Years after my mom died, I still felt such an emptiness. Our house had been sold years before and I yearned to go back inside. I would drive down our sweet little street and slow down in front of our modest house as if trying to capture some glimpse into the past when we lived there and take it with me. I felt utterly and completely empty. Of course, I couldn’t grab a piece of the past and drive away with it neatly tucked into that empty place in my heart, so I’d drive on by, live in the past, and wait for another day.

One day I just couldn’t take it anymore and I decided I was going to have to go inside to get the peace I needed. I was going to have to go in and touch the walls that held so much of my life, had kept it intact, had kept our family of four a family. I needed to stand in that space and take it all in again, one last time, and then I would miraculously be able to take it all with me and be made whole again. I’d never met the family who bought our house, but I’d heard they were such nice people. So maybe, just maybe, they wouldn’t mind having a crazy person come to their door with her story and how she so badly needed to come inside.

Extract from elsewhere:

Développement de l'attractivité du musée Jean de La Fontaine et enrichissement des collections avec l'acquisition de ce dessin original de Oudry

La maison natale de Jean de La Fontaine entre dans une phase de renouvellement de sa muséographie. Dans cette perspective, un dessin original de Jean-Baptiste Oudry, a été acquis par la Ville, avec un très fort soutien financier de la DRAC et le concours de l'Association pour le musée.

One morning, I got dressed in something nicer than normal and drove over to their house with so much anticipation in my heart. Finally, if they let me come in, I was going to be healed from this loss. I was nervous and excited with anticipation. Instead of driving by with an aching longing, I stopped and pulled into their driveway. I took a few deep breaths and got our of the car, wondering if this was totally nuts. I went to their door, rang the doorbell and stood there trying to appear as together and confident as I could. Eventually, someone came to the door. It’s funny, I can’t remember what they looked like or even if it was a man or a woman. I was just so focused on getting inside. I remember telling the person that I’d lived there most of my life and my mom had passed away there. I explained that I just wanted to come inside for a moment. Graciously, the person said that would be fine, let me come in, and told me to feel free to go wherever I needed to go and see whatever it was I needed to see.

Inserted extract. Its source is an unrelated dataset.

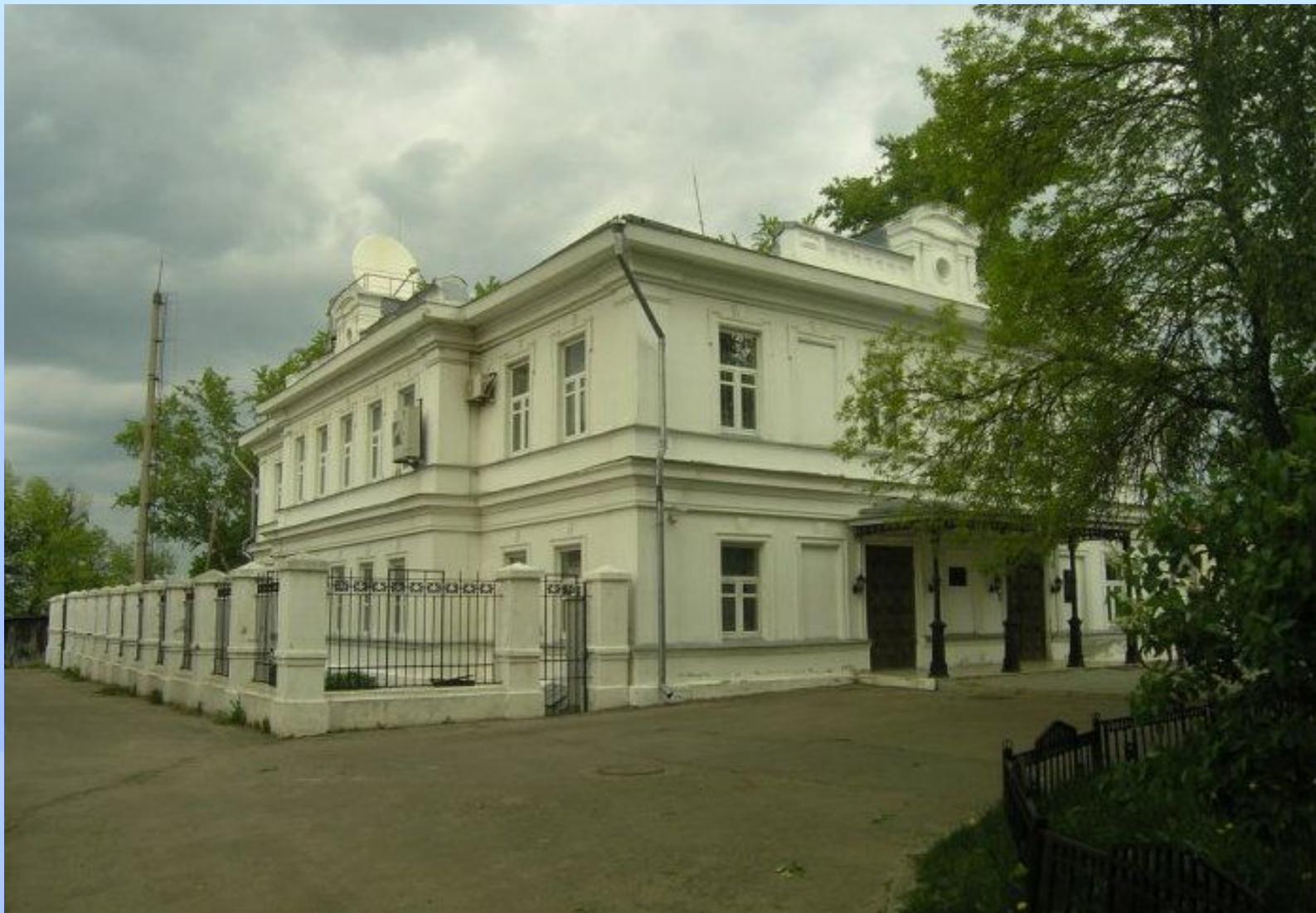
Усадьба Г.А. Грузинского в Лыскове

After I stepped inside my heart sank. It was completely different. It felt sterile. The kelly green countertops in the kitchen had been replaced with something neutral. The green ivy wallpaper had been stripped away and replaced with neutral paint colors. The built in table where we ate in the kitchen almost every single meal was gone. This was the table where my brother and I would sit for hours, whine about cleaning our plates and dramatically gag on things like brussels sprouts and tomato aspic, basically tomato jello, while our parents grit their teeth. We were not there around the table arguing about finishing our dinner. The table was gone and so were we.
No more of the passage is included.